The modeling identified four critical thresholds required for convection to occur and sustain plume-like structures:

1. Ice Thickness: Must be $> \sim 2,200$ m. Thinner ice prevents the development of sufficient buoyancy forces.
2. Horizontal Shear: Surface velocity must be low ($< \sim 1$ m/yr). High shear disrupts the vertical flow required for convection.
3. Snow Accumulation: Must be low ($< \sim 0.15$ m/yr). High accumulation (downward advection) suppresses upward convective motion.
4. Enhancement Factor ($E$): Must be significantly higher than standard assumptions.
   • For the NEEM (North) profile, convection becomes viable when $45 \le E \le 75$.
   • Standard models typically assume $E \approx 4-6$.
   • This implies the ice in northern Greenland is 9–15 times softer (lower viscosity) than commonly assumed.

Spatial Correlation:

• Northern Greenland: Satisfies all conditions (thick ice, slow flow, low accumulation, old/soft ice). This aligns with the observed concentration of plumes.
• Southern Greenland: Fails conditions due to faster flow, higher accumulation, and younger ice. This explains the dearth of plumes in the south.

Plume Geometry:

• 3D simulations produced symmetric overturning and roll-over features that closely match the geometry of observed radar plumes (Figs. 2 and 4).
• The heat flux required to sustain these temperatures ($\sim 40-70$ mW m$^{-2}$) is consistent with geothermal heat flux estimates for the GrIS.

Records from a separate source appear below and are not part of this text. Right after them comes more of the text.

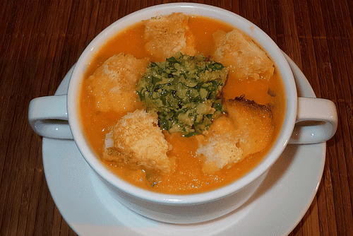 Pour the soup into bowls, add croutons, and place a spoonful of olive oil in each. Drizzle with olive oil.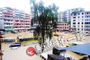 前晚9時(shí)許,酉陽縣城開始下起暴雨。昨晨,酉城河水也漫過河床,涌向縣城主街的低洼角落。至上午10時(shí)許,縣城東風(fēng)壩、城北車站、小商品一條街、桃花源中路等街道門面進(jìn)水,水深1.5米左右,酉陽報(bào)社被淹,停放在街邊、車站內(nèi)的許多車輛被水淹沒。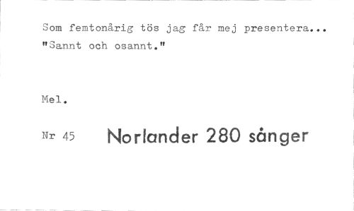//// Som femtonårig tös jag får mej presentera. "Sannt och osannt." //// Mel. //// Nr 45 Nortander 280 sånger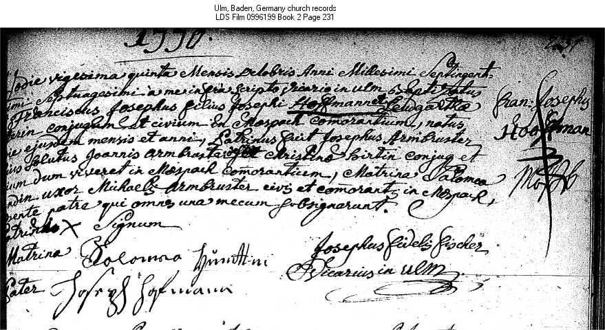 Ulm, Baden, Germany church records LDS Film 0996199 Book 2 Page 231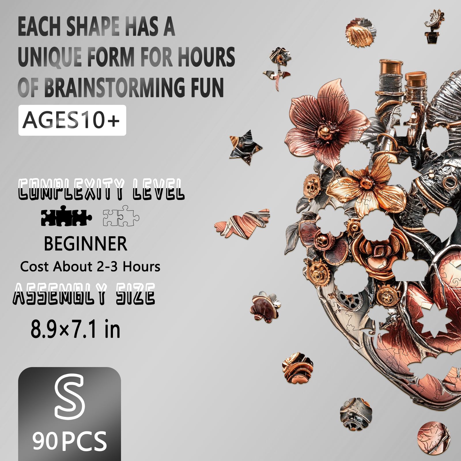 Wooden Puzzles for mature-themeds Mechanical Heart Wooden Jigsaw Puzzle Unique Shaped Wood Puzzles mature-themed Fun Gifts for Mother's Day Heart Puzzle Home Decor (M-12 * 9.6in 155 Pieces)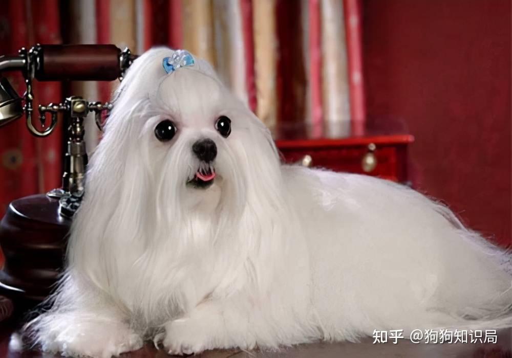 【9】马尔济斯犬:温和优雅,从头到脚洁白如雪,毛发很长,但是不怎么掉毛,一般宠主会选择将它的毛发扎起来或者剪短。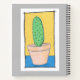 Le carnet de cet artiste est décoré avec l'art naïf d'un Prickly Pear Cactus, et peut être personnalisé avec votre nom et vos mots. La composition est dessinée à la main à l'aide de stylos et d'aquarelle, d'un seul cactus lobé dans un pot de fleurs. L'arrière - plan est jaune et bleu, le pot est beige rose et le cactus est très vert et épicé, le tout contenu dans une mince bordure noire, avec un entourage blanc. C'est un exemple charmant d'art simple, naïf. Le dessin est également à l'arrière du carnet.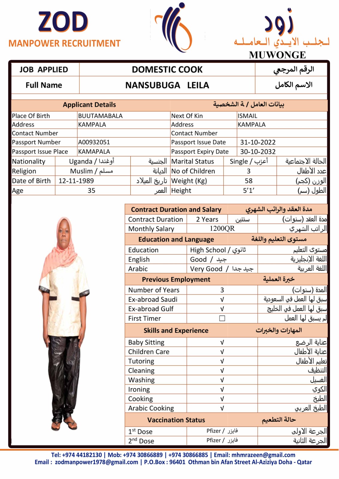 الاسم - عربي NANSUBUGA LEILA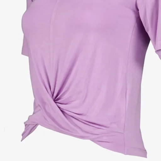 Paars cropped sport T-shirt voor dames van Osaga. Voorzien van een ronde hals, korte mouwen en een knoop aan de onderkant. Gemaakt van 94% viscose (tencel) en 6% elastaan.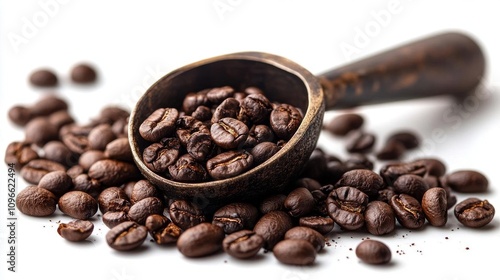 hot drink, bean, roasted, aroma, dark, brown, rich, scoop, wooden, spoon, closeup, food, drink, caffeine, beverage, energy, breakfast, morning, delicious, epicure, organic, agriculture, product, texture, detail, still life, photo, image, isolated, white background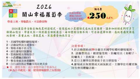 2026蘿蔔季活動主軸為農村遊程式,提倡在地小農體驗及在地店家推廣,讓參加的朋友們可多了解關山慢活,帶著大家一同到蘿蔔田拔蘿蔔,每日體驗活動不同,可自由選擇日期,在地餐廳使用在地食材,尊重土地、尊敬農夫、不浪費食物為宗旨。
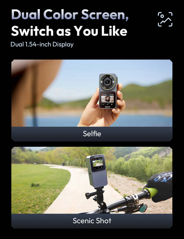 - 可安装在電單車/單事上,更可變身為運動相機前後高清雙屏幕, 前景或自拍一鍵轉换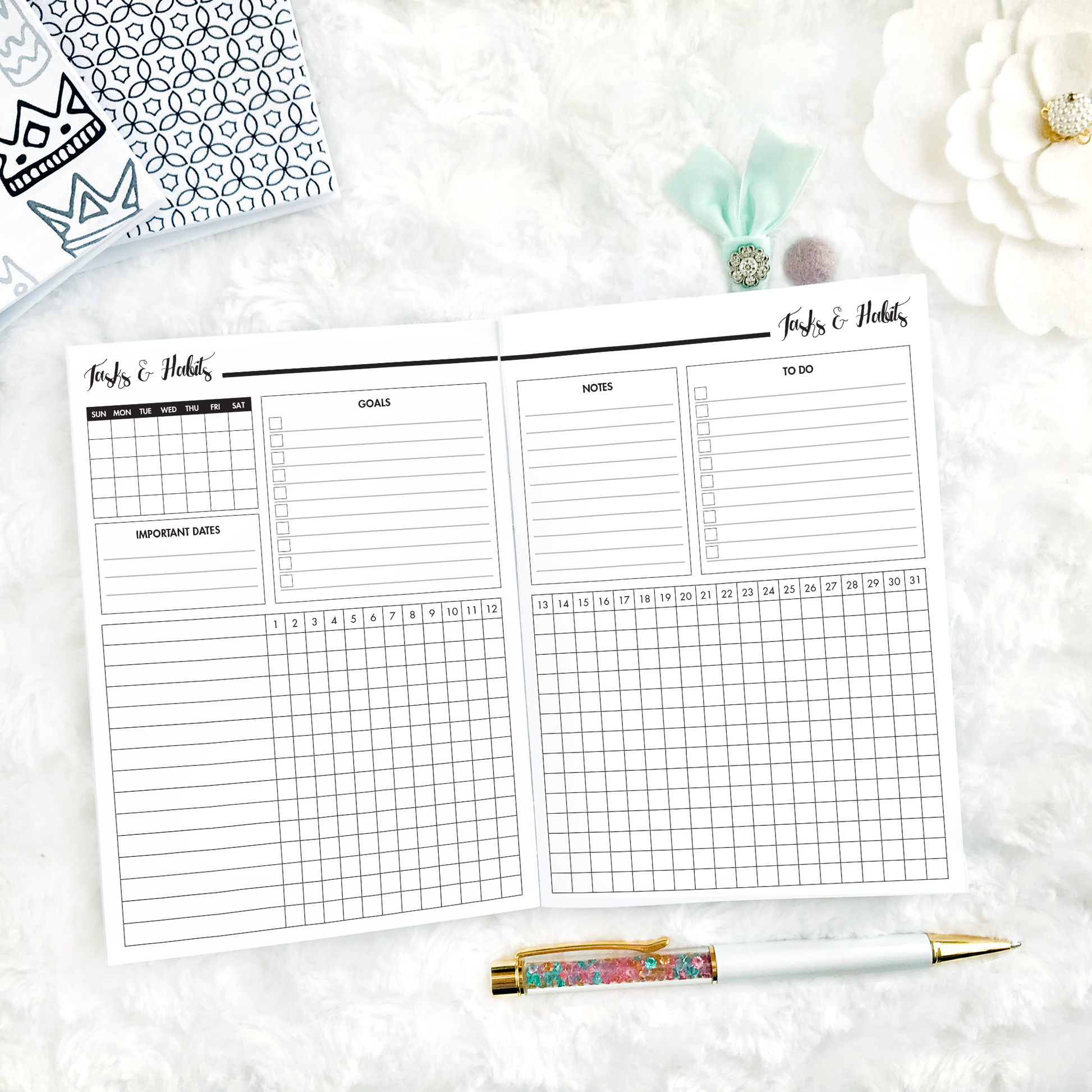 - Tasks & habits tracker (important dates, habit tracker, goals, notes, and to do)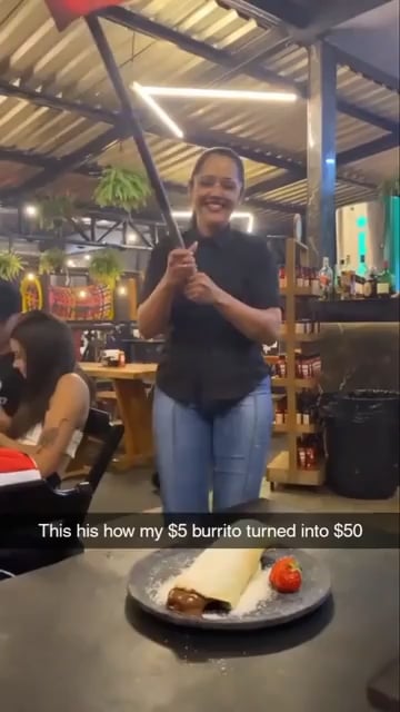 Just gonna point out that this looks to be a crepe not a burrito, so I think we can safely say whoever made the caption isn’t the one who actually filmed this and the price is BS. That said, it’s still extremely stupid regardless of the price.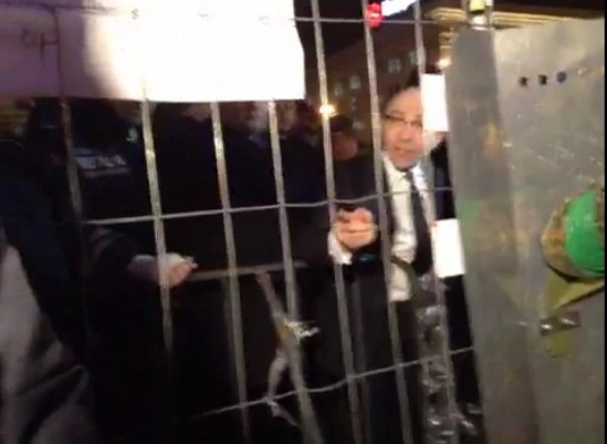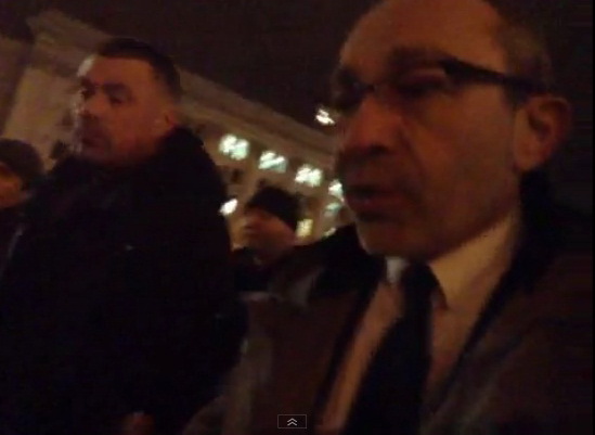Примерно в это же время на площадь Свободы приехал городской голова Геннадий Кернес. Как и в предыдущие дни, сначала он зашёл на митинг защитников памятника Ленину, а потом направился к обладминистрации и попытался поговорить с активистами Евромайдана.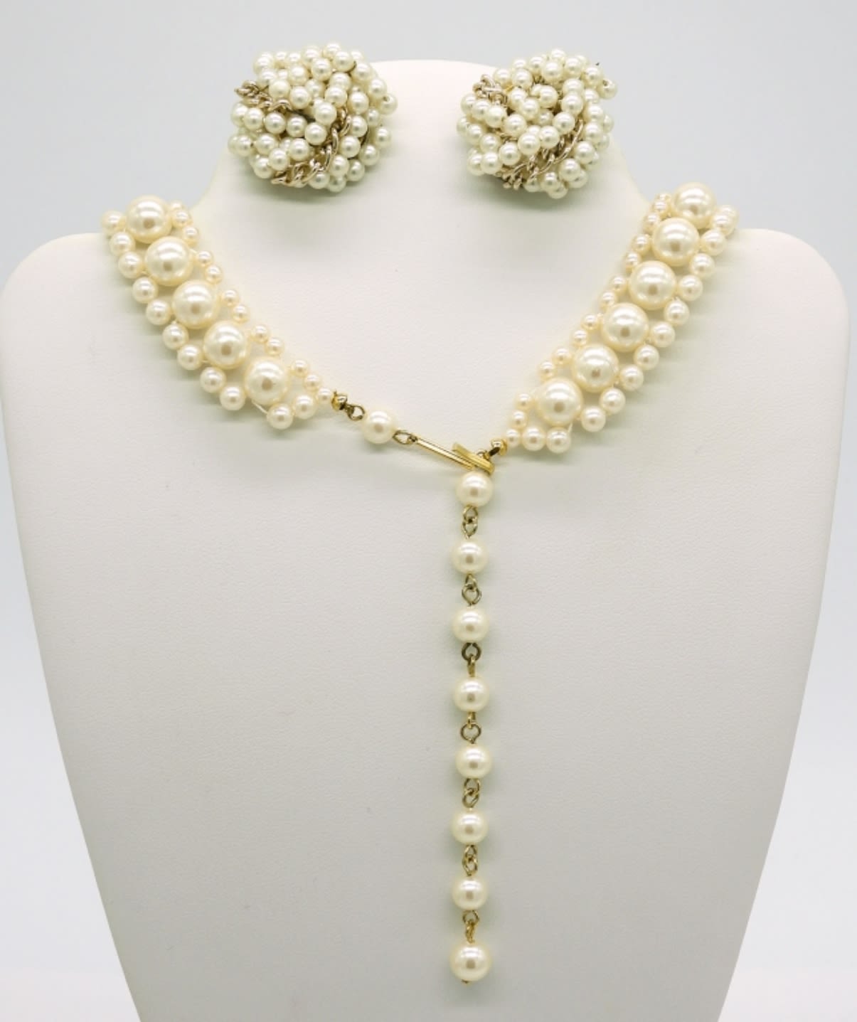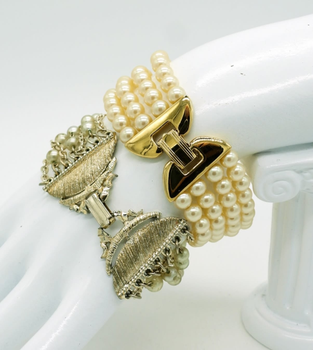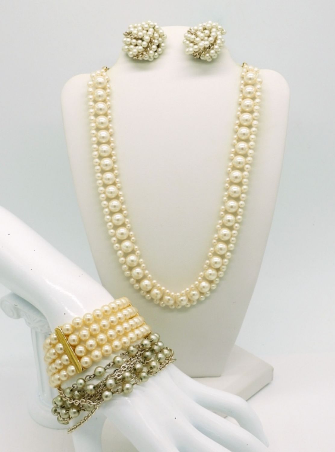 Gold tone and silver tone Vintage faux pearl jewelry. Two Bracelets, 7″. One Pair of Clip on Faux pearl earrings. One Faux pearl Choker style necklace with gold tone accents, 16″ adjustable.

5. Significance and Implications

• Revised Ice Rheology: The finding that northern GrIS ice may be 9–15 times softer than standard models suggests that internal deformation (rather than basal sliding) may be the dominant mode of ice transport in these regions.
• Impact on Future Projections:
  • Current models assuming higher viscosity likely overestimate basal traction (friction) to compensate, leading to biased projections of mass loss.
  • Implementing this "softer" rheology could reduce compensatory errors and improve the accuracy of future sea-level rise projections.
• Paleoclimate Reconstruction: Recognizing convection as a driver of stratigraphic disruption allows for better interpretation of radiostratigraphy, potentially improving the reconstruction of past ice dynamics and climate history.
• Antarctic Context: The relative lack of such plumes in Antarctica (outside specific mountainous regions) may be due to colder temperatures (higher viscosity) or sampling bias, rather than a fundamental difference in ice physics.

In conclusion, the study posits that thermal convection is a viable and likely dominant mechanism for the formation of large englacial plumes in northern Greenland, necessitating a significant revision of assumed ice rheology parameters in numerical models.